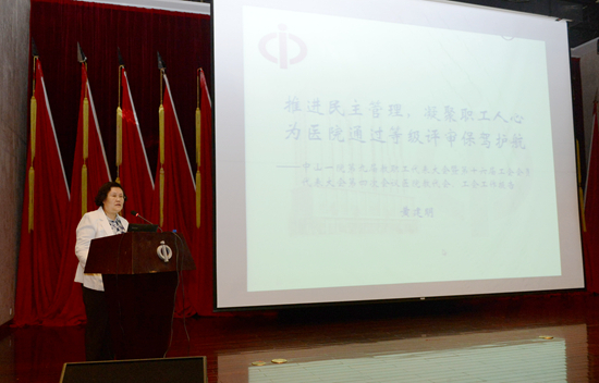 随后,医院党委副书记、工会主席黄建明作了题为《推进民主管理 凝聚职工人心为医院通过等级评审保驾护航》的报告。报告回顾了2014年医院教代会和工会工作,黄书记指出,在过去一年中,医院工会紧紧围绕“创建国家区域医疗中心”的工作主线,按照“党政所谋、职工所需、工会所能”的要求,在推动民主管理、促进医院和谐发展、加强自身建设等方面做了切实而有效的工作。接下来,医院教代会将进一步发挥职能和作用,助力医院创建国家区域医疗中心。
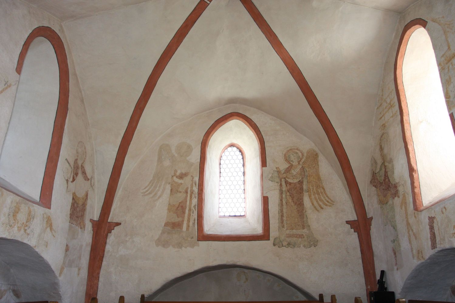 /in Breitscheid, KircheDer Chorraum der Breitscheider Kirche birgt etwas besonderes. Bei den umfassenden Baumaßnahmen im Rahmen der Renovierung der Kirche im Jahr 1970 wurden im Chorraum bis dahin übertünchte Wandmalereien wiederentdeckt. Die Wandgemälde zeigen unter anderem einen Ritter mit schwarzen Kreuz, Petrus, zwei Engel, Paulus und auch Kranke; manches ist nicht mehr zu erkennen.
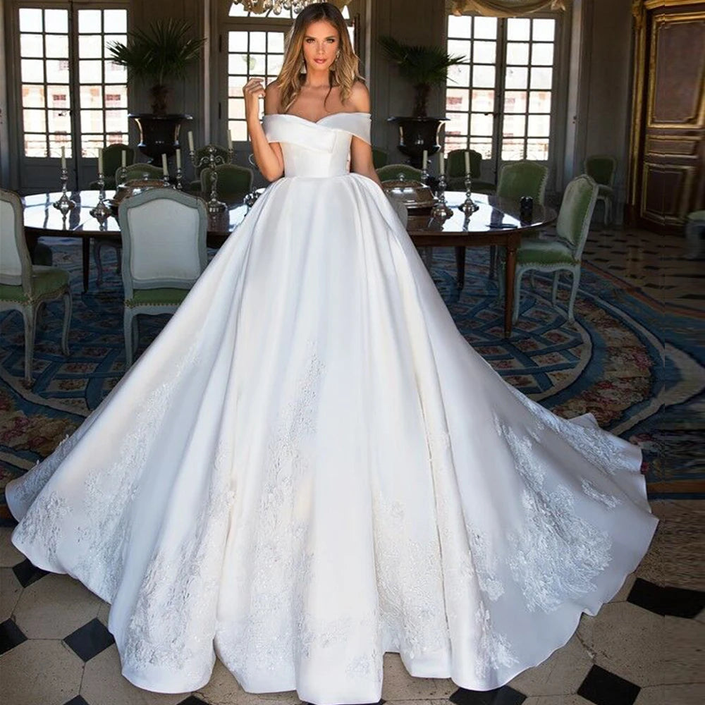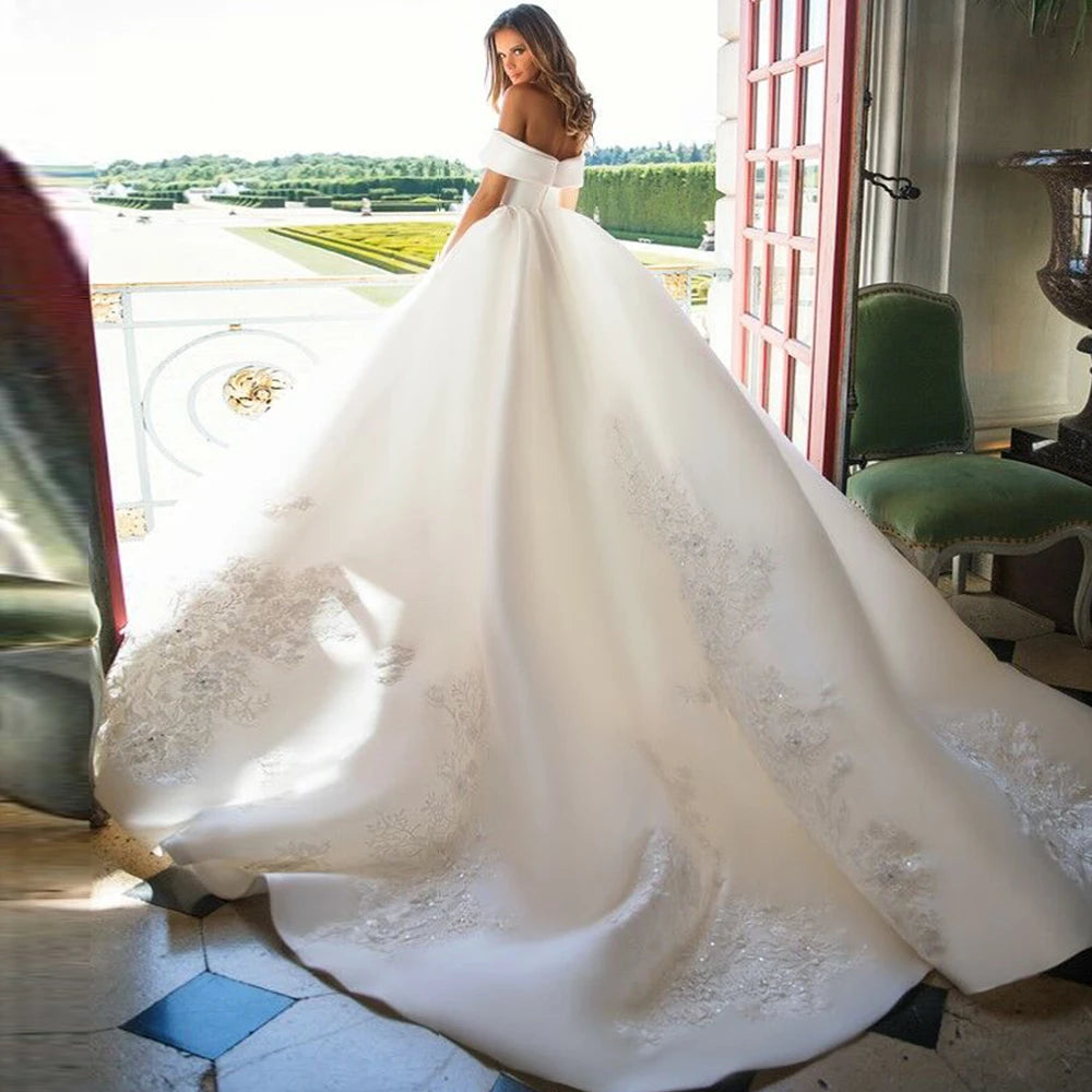 France Satin Short Sleeve Ball Gown Wedding Dress
++++++
The answer must repeat every line of the listing exactly and leave the pictures out.

 随后,医院党委副书记、工会主席黄建明作了题为《推进民主管理 凝聚职工人心为医院通过等级评审保驾护航》的报告。报告回顾了2014年医院教代会和工会工作,黄书记指出,在过去一年中,医院工会紧紧围绕“创建国家区域医疗中心”的工作主线,按照“党政所谋、职工所需、工会所能”的要求,在推动民主管理、促进医院和谐发展、加强自身建设等方面做了切实而有效的工作。接下来,医院教代会将进一步发挥职能和作用,助力医院创建国家区域医疗中心。
 /in Breitscheid, KircheDer Chorraum der Breitscheider Kirche birgt etwas besonderes. Bei den umfassenden Baumaßnahmen im Rahmen der Renovierung der Kirche im Jahr 1970 wurden im Chorraum bis dahin übertünchte Wandmalereien wiederentdeckt. Die Wandgemälde zeigen unter anderem einen Ritter mit schwarzen Kreuz, Petrus, zwei Engel, Paulus und auch Kranke; manches ist nicht mehr zu erkennen.
 France Satin Short Sleeve Ball Gown Wedding Dress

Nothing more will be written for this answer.